During the Israeli attacks on Gaza this past summer, U.S. officials were unusually vocal. After shelling killed four young Palestinians on a beach, for example, State Department spokeswoman Jen Psaki called it “horrifying.” “The tragic event makes clear that Israel must take every possible step to meet its standards for protecting civilians from being killed,” she said. Asked whether Israel was doing enough on that count, Psaki replied: “We believe that certainly there’s more that can be done.” White House Press Secretary Josh Earnest called it “totally unacceptable and totally indefensible” when Israeli shelling of a United Nations school in Gaza killed 16 civilians. Israel, he said, “can and should do more to protect the lives of innocent civilians.”
“We feel profound anguish upon seeing the images of suffering from Gaza, including the deaths and injuries of innocent Palestinian civilians, including young children, and the displacement of thousands of people,” said Ambassador to the United Nations Samantha Power. On July 22nd, she offered this running tally of the misery:
“In Gaza, the toll of the violence has been devastating. More than 600 Palestinians have been killed, the large majority civilians, including at least 59 women and more than 121 children. More than 3,700 more have been injured. Thousands of homes have been damaged, many totally destroyed. And more than 100,000 people have been displaced. As the destruction mounts, some 35,000 Palestinians who need food have not yet been reached. 1.2 million people have little or no access to water or sanitation. And behind every number is a real person, perhaps even a child. The suffering is immense.”

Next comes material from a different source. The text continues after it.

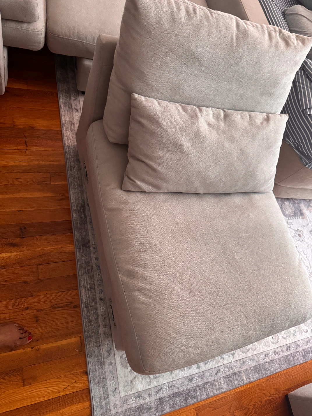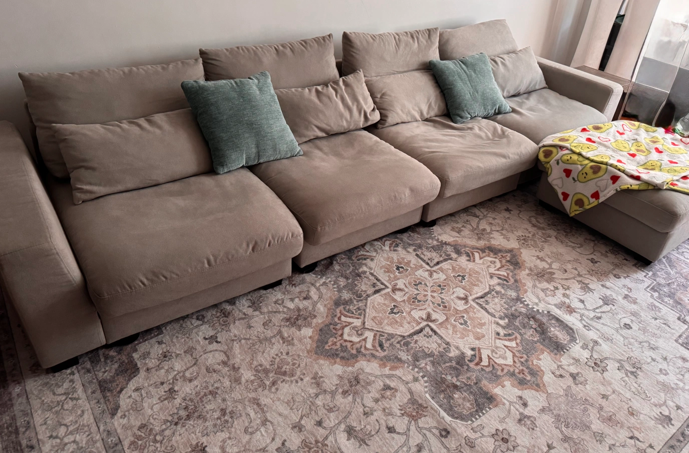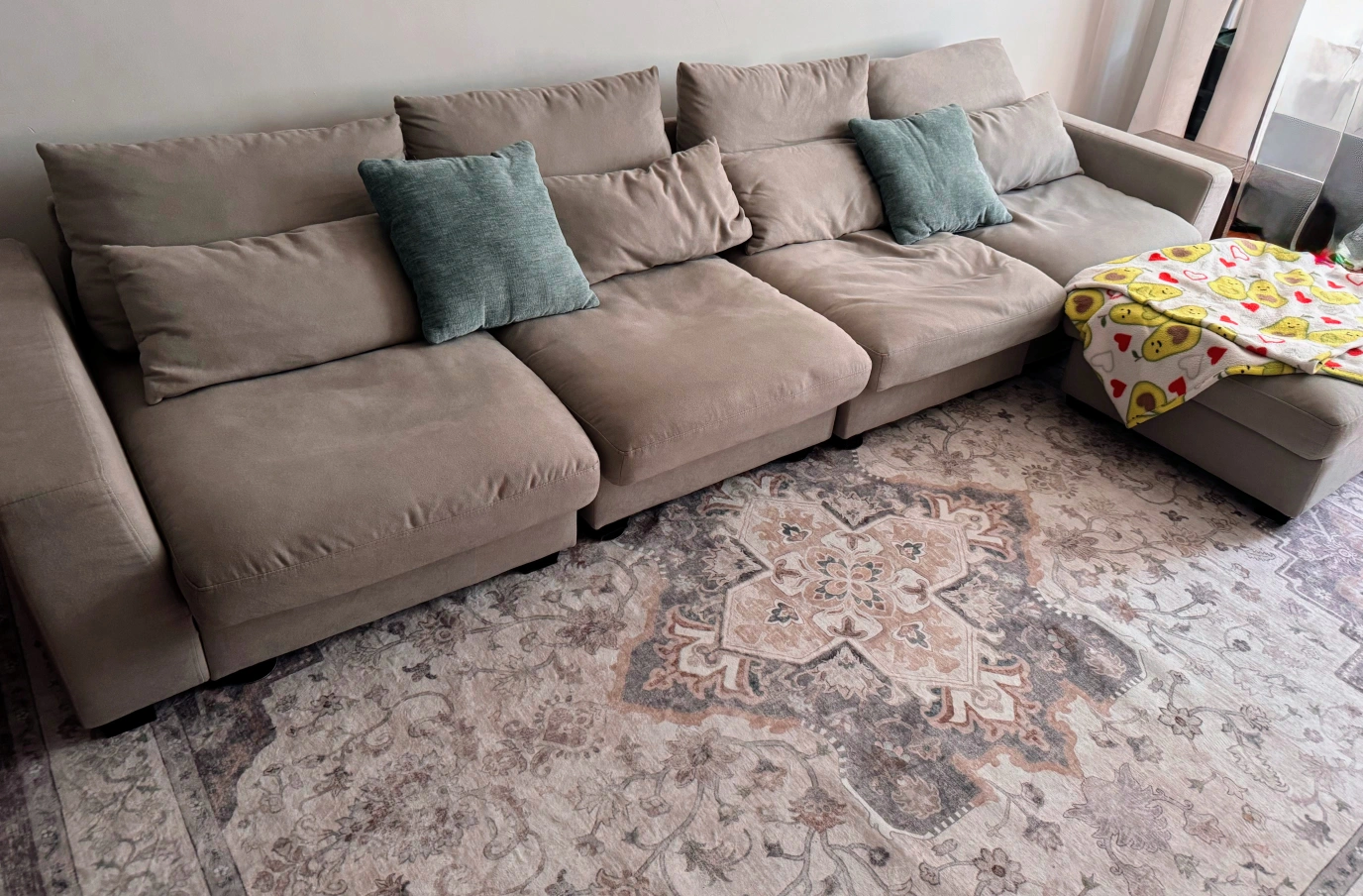 130" sectional Sofa couch for living room, large 4 seat L-Shape modern sofa couch with convertible ottoman, feather filled reversible sofa couch with waist pillows, light grey. One year old and must pick up.

By the time of the late August ceasefire, six Israeli civilians and a Thai national had been killed by rocket and mortar attacks from Gaza, while 1,462 Palestinian civilians had died as a result of Israel’s war, according to the United Nations.
But while the administration and State Department were rebuking Israel (albeit mildly), and the president himself was expressing “serious concern” about the growing number of Palestinian civilian casualties in Gaza, the Pentagon was replenishing the Jewish state’s dwindling ammunition stockpile without the approval of either the White House or the State Department. “We were blindsided,” one U.S. diplomat told the Wall Street Journal.
Since then, Chairman of the Joint Chiefs of Staff General Martin Dempsey (who has recently seemed to ignore, if not defy, his commander-in-chief when it comes to Iraq War policy) has offered his own dissenting assessment of Israeli conduct during the most recent campaign in Gaza. Instead of using terms like unacceptable, indefensible, or horrifying, Dempsey claimed that Israel had gone to “extraordinary lengths” to limit civilian casualties. “I can say to you with confidence that I think that they acted responsibly,” he told the Carnegie Council for Ethics in International Affairs. In fact, Dempsey suggested that the U.S. military could learn a thing or two from the Israelis, noting that the Pentagon dispatched a “lessons learned team” of senior commissioned and noncommissioned officers to study the methods the Israel Defense Forces employed in Gaza.
In her latest piece for TomDispatch, filmmaker Jen Marlowe suggests that Israel’s 2014 Gaza campaign, like the 2008-2009 campaign before it, might not be the optimal model for the U.S. (or any other) military. In a striking piece of reportage, she offers a counter-narrative to the one advanced by the Chairman of the Joint Chiefs. Chronicling one family through a night of terror and more than five years of loss, she walked streets on which Dempsey has never set foot and surveyed the rubble he’ll never see to shed light on what life in Gaza is like for civilians caught in the path of war. Nick Turse
No exit in Gaza
Broken homes and broken lives
By Jen MarloweRubble. That’s been the one constant for the Awajah family for as long as I’ve known them.
Four months ago, their home was demolished by the Israeli military — and it wasn’t the first time that Kamal, Wafaa, and their children had been through this. For the last six years, the family has found itself trapped in a cycle of destruction and reconstruction; their home either a tangle of shattered concrete and twisted rebar or about to become one.